🤖 AI Summary
This study addresses the risk of downward bias in population prevalence estimates from non-random samples when using covariate adjustment. Applying a Bayesian hierarchical model to estimate SARS-CoV-2 seroprevalence in Australian urban populations—and complementing it with simulation studies—the authors demonstrate that in high-dimensional adjustment models, weakly regularizing priors intensify partial pooling effects, which, through a feedback mechanism involving test specificity, systematically deflate prevalence estimates. The work elucidates how the interplay between model dimensionality and prior strength induces such bias, proposes both short-term modeling corrections and long-term methodological improvements, and offers a diagnostic framework for identifying anomalous results in complex adjustment models.
📝 Abstract
When estimating population prevalence from a non-random sample, it is important to adjust for differences between sample and population. However, adjustment for multiple factors requires analysis that can be difficult to understand and validate. In this manuscript, we explore an unexpected downward trend of estimates when covariates are added sequentially to a Bayesian hierarchical model for the estimation of the prevalence of SARS-CoV-2 specific antibodies in an Australian city in late 2020.

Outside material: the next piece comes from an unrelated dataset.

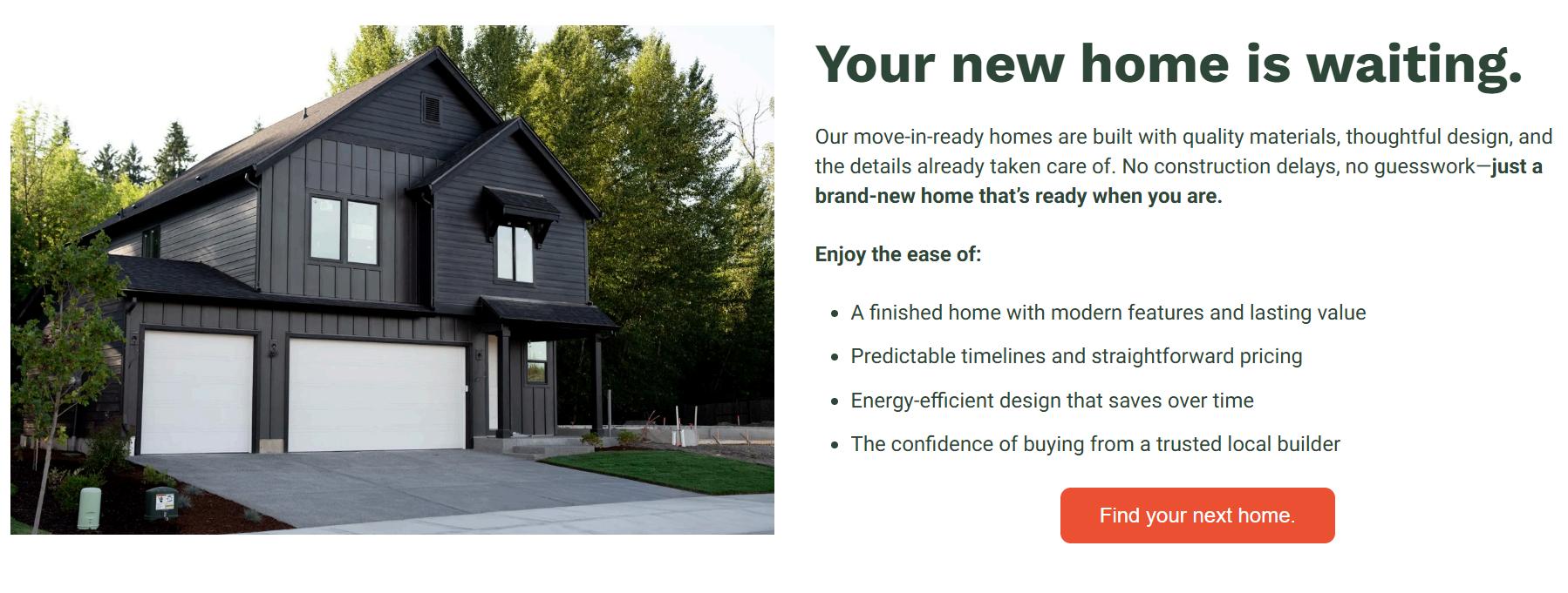 NewcontractsonlyAvailableforselecthomesatselectHoltHomesOregonandWashingtoncommunities(seesalesprofessionalfordetails) ForAdvertisementPurposesOnlyNotallapplicantswillqualifyAllapplicationsaresubjecttocredit approval Programtermsandconditionsaresubjecttochangewithoutnotice Someproductsmaynotbeavailableinallstates OtherrestrictionsandlimitationsmayapplyThisisnotacommitmenttolend CLMMortgageInc #215239,480 WildwoodForestDr 802Spring TX77380,888-984-888 AZMortgageBankerLicense#1047891;CA-LicensedbytheDepartmentofFinancialProtectionandInnovationundertheCaliforniaResidentialMortgageLendingAct RMLA#41DBO-183025; IDMortgageBroker/LenderLicense#MBL-2080215239;NVMortgageCompanyLicense#5786 ORMortgageLendingLicense#215239 TXLicensedunderCompanyNMLS#215239(wwwnmlsconsumeraccessorg) Applicationsmustbereceivedby CLMMortgage,Inc andtheratelockedby4pmPSTon12/2/2025 Homemustcloseby12/31/2025toqualifyforpromotion FinancingofferedbyCLMMortgage,Inc NMLS#215239 TheaboveinformationforFHAMortgageisbasedonanFHALoan with35%downpayment loanamount$417302minimumcreditscoreof680 Paymentsabovereflectprincipalandinterestonly 2/1BuydownCONV NewcontractsonlyAvailableforselecthomesatselectHoltHomesOregonandWashingtoncommunities(seesalesprofessionalfordetails) ForAdvertisementPurposesOnlyNotallapplicantswillqualifyAllapplicationsaresubjecttocredit approval Programtermsandconditionsaresubjecttochangewithoutnotice Someproductsmaynotbeavailableinallstates OtherrestrictionsandlimitationsmayapplyThisisnotacommitmenttolend CLMMortgageInc #215239 480 WildwoodForestDr 802Spring TX77380 888-984-888 AZMortgageBankerLicense#1047891;CA-LicensedbytheDepartmentofFinancialProtectionandInnovationundertheCaliforniaResidentialMortgageLendingAct RMLA#41DBO-183025; IDMortgageBroker/LenderLicense#MBL-2080215239;NVMortgageCompanyLicense#5786 ORMortgageLendingLicense#215239 TXLicensedunderCompanyNMLS#215239(wwwnmlsconsumeraccessorg) Applicationsmustbereceivedby CLMMortgage,Inc andtheratelockedby4pmPSTon12/2/2025 Homemustcloseby12/31/2025toqualifyforpromotion FinancingofferedbyCLMMortgage Inc,NMLS#215239 TheaboveinformationforConventionalMortgageisbasedona ConventionalLoanwitha10%downpayment,loanamountof$540,000minimumcreditscoreof740 Paymentsaboveincludeprincipalandinterestonly 30YearFixed NewcontractsonlyAvailableforselecthomesatselectHoltHomesOregonandWashingtoncommunities(seesalesprofessionalfordetails) ForAdvertisementPurposesOnlyNotallapplicantswillqualifyAllapplicationsaresubjecttocredit approval Programtermsandconditionsaresubjecttochangewithoutnotice Someproductsmaynotbeavailableinallstates OtherrestrictionsandlimitationsmayapplyThisisnotacommitmenttolend CLMMortgageInc #215239,480 WildwoodForestDr 802Spring TX77380,888-984-888 AZMortgageBankerLicense#1047891;CA-LicensedbytheDepartmentofFinancialProtectionandInnovationundertheCaliforniaResidentialMortgageLendingAct RMLA#41DBO-183025; IDMortgageBroker/LenderLicense#MBL-2080215239;NVMortgageCompanyLicense#5786 ORMortgageLendingLicense#215239 TXLicensedunderCompanyNMLS#215239(wwwnmlsconsumeraccessorg) Applicationsmustbereceivedby CLMMortgage Inc andtheratelockedby4pmPSTon12/22/2025 Homemustcloseby1/30/2026toqualifyforpromotion FinancingofferedbyCLMMortgage

We compare our data analysis to results from a simulation study to understand four potential contributors to this effect: (i) correction for differences between sample and population, (ii) rare-events bias in logistic regression, (iii) inclusion of the uncertainty of test sensitivity and specificity in a multilevel model, and (iv) increasing model dimensionality. We find that weak prior distributions on the logistic regression coefficients lead to a systematic increase in the amount of partial pooling across adjustment cells-the prior becomes stronger as model dimensionality increases-which in turn feeds through to the estimated assay specificity, which then feeds back to the model and results in lowering the estimated prevalence.
Our paper contributes three elements: (i) immediate and longer-term recommendations for using these types of models, (ii) simulation studies to explore the impact of the contributors to this effect, and (iii) a worked example of investigation of unexpected results in a model with multiple adjustment factors.